Winning wars requires more than just an army; it requires military tactics and strategy. Planning an offense or a defense on a football field takes thought and effort. Imagine multiplying that offense or defense to include thousands of men, horses or tanks, and supply needs. There have been many great generals in history, who relied upon smart strategy, or, in some cases, a willingness to accept great losses, to secure an American victory in wars from the American Revolution to Desert Storm.

These generals varied from the calm and thoughtful, like Eisenhower to the brash and loud, like Patton. They shared a commitment to duty, patriotism and a belief that their army could be victorious.

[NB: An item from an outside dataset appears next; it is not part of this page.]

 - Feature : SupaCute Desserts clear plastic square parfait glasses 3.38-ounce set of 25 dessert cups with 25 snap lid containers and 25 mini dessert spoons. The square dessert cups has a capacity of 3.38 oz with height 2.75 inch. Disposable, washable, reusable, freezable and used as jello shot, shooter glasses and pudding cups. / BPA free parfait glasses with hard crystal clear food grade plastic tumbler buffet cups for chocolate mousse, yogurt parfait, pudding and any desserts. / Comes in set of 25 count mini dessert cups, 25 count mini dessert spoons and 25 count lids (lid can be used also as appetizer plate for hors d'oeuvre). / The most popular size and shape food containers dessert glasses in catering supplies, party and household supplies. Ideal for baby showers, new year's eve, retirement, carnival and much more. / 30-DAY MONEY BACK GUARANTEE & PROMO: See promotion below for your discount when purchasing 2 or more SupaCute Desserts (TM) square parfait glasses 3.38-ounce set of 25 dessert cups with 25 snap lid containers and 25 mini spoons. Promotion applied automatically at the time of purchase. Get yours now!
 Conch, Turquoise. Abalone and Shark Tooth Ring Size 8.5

Seven American Generals Who Shaped How We Wage War

George Washington

George Washington is most often remembered as the first President of the United States; however, before he was President Washington, he was General Washington, leader of the Continental Army. Washington was a skilled military leader and strategist, and his defeat of the British is a memorable moment in military history.

In 1776, Washington and the Continental Army lost the colony of New York to the British. Washington was frustrated and angered by his defeat, and did not forget it, even as his troops left Valley Forge in the spring of 1778. Washington communicated his plan with the Continental Congress in a series of letters, and in 1779, received a letter from the President of the Continental Congress to think himself, “at Liberty to direct the military operations of these States in such a manner as you think expedient”.

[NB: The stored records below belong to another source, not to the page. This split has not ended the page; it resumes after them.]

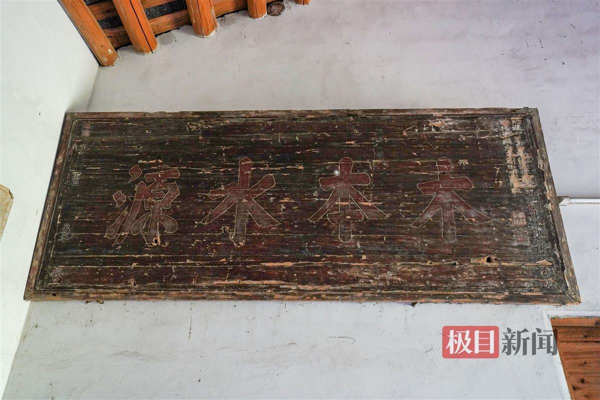 在故居的墙上,有一块表面略微发黑的木匾,上面写着“木本水源”四个大字。牌匾上还写着一些小字,题款内容为“赐进士及第□□浙江□□部院通川□□督部堂现任刑部左侍郎诰授资政大夫□筠□题”,落款为“道光岁次丁酉孟冬榖旦”。
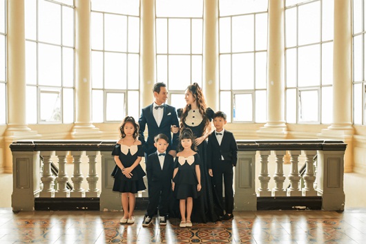 Trong bộ ảnh kỷ niệm 10 năm ngày cưới, vợ chồng Lý Hải - Minh Hà diện đồ cô dâu chú rể hạnh phúc bên đàn con dễ thương. |
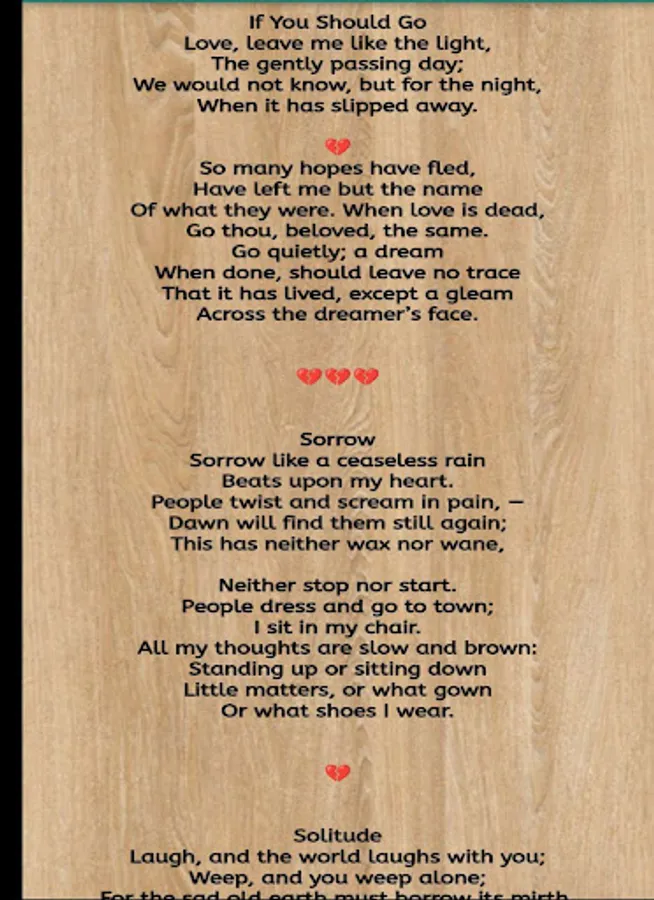 Find love poems, poetry for friends, anniversary poems, poems on marriage, life poems, family poems, romantic poems, wedding poems & more in our Life Poems, Quotes and Sayings App. We have a large variety of beautiful love poems, rhyming love poems, passionate love poems, friendship poems,
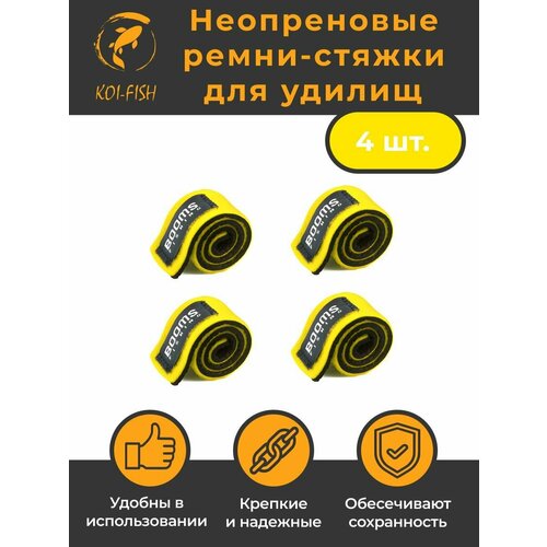 Ремешок фиксатор для удилищ на липучке RS3, 4шт, желтый. Лента стяжка нейлоновая для удочки. BoomsFishing

Washington’s initial strategy required the full cooperation of France, but also required a British willingness to fight in New York. The British preferred to fight further south, believing this provided them with an advantage. His initial strategy placed the decisive battle in New York City, but this was not to be. The French encouraged a final battle in Virginia.

In 1781, Washington learned that the French navy had effectively trapped the British army in Virginia. This led to the creation of a new strategy. The decisive battle would be fought at Yorktown.

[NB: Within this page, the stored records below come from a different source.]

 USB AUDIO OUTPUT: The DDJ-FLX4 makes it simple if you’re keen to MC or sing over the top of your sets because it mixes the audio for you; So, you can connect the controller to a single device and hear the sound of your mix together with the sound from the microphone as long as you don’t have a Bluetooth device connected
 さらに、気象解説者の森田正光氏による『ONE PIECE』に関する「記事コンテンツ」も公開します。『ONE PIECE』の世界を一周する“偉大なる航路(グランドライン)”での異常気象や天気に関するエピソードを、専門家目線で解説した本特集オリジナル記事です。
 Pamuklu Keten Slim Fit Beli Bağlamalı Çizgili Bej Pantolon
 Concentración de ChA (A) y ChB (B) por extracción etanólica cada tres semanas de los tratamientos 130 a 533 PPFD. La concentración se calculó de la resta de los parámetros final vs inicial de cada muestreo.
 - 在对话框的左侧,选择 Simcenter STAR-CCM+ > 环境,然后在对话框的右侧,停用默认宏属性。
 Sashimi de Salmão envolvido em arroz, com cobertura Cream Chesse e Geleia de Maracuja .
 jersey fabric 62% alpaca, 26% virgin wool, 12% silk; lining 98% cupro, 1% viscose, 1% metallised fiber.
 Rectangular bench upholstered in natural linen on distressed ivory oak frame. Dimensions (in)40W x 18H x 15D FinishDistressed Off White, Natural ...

Outside New York, Washington built bread ovens and army camps, and circulated letters discussing his attack on New York, then under the command of British General Clinton. Everything possible was done to maintain the impression of a planned assault on New York City.

Leaving behind a small force, Washington and most of his troops set out for Yorktown. In September, a large number of American and French forces gathered in Williamsburg. The Battle of Yorktown began by the end of that month, and ended by the 18th of October with a British surrender.

Washington’s smart use of confusion tactics provided the cover and space necessary to amass troops at Williamsburg and to take Yorktown. His willingness to be flexible with his plan brought success for the young nations.

Seven American Generals Who Shaped How We Wage War

Ulysses S. Grant

The work and military strategy of Ulysses S. Grant helped to turn the tide of the Civil War, leading to an eventual Union victory. While Grant is often remembered for his work near the end of the war, he also played a key role in 1863, in the Battle of Vicksburg. Grant split his forces after crossing the Mississippi River, sending General Sherman onto Jackson, Mississippi. He and his army set out to take Vicksburg, a key supply post for the Confederacy. The post was well-defended, but after a nearly two-month siege, Confederate General John Pemberton’s force of 30,000 surrendered to Grant. This paved the way for Grant’s promotion.

Ulysses S. Grant was appointed General-in-Chief of the Union Army in February 1864. As a general, Grant’s strategy differed from those used previously; before, the goal had been the Confederate capitol. For Grant, the goal was the decimation of the Confederate army, at nearly any cost. Unlike the Union commanders of the past, Grant was fully willing to accept massive casualties to achieve this goal and to take advantage of the Union advantage of numbers over the South.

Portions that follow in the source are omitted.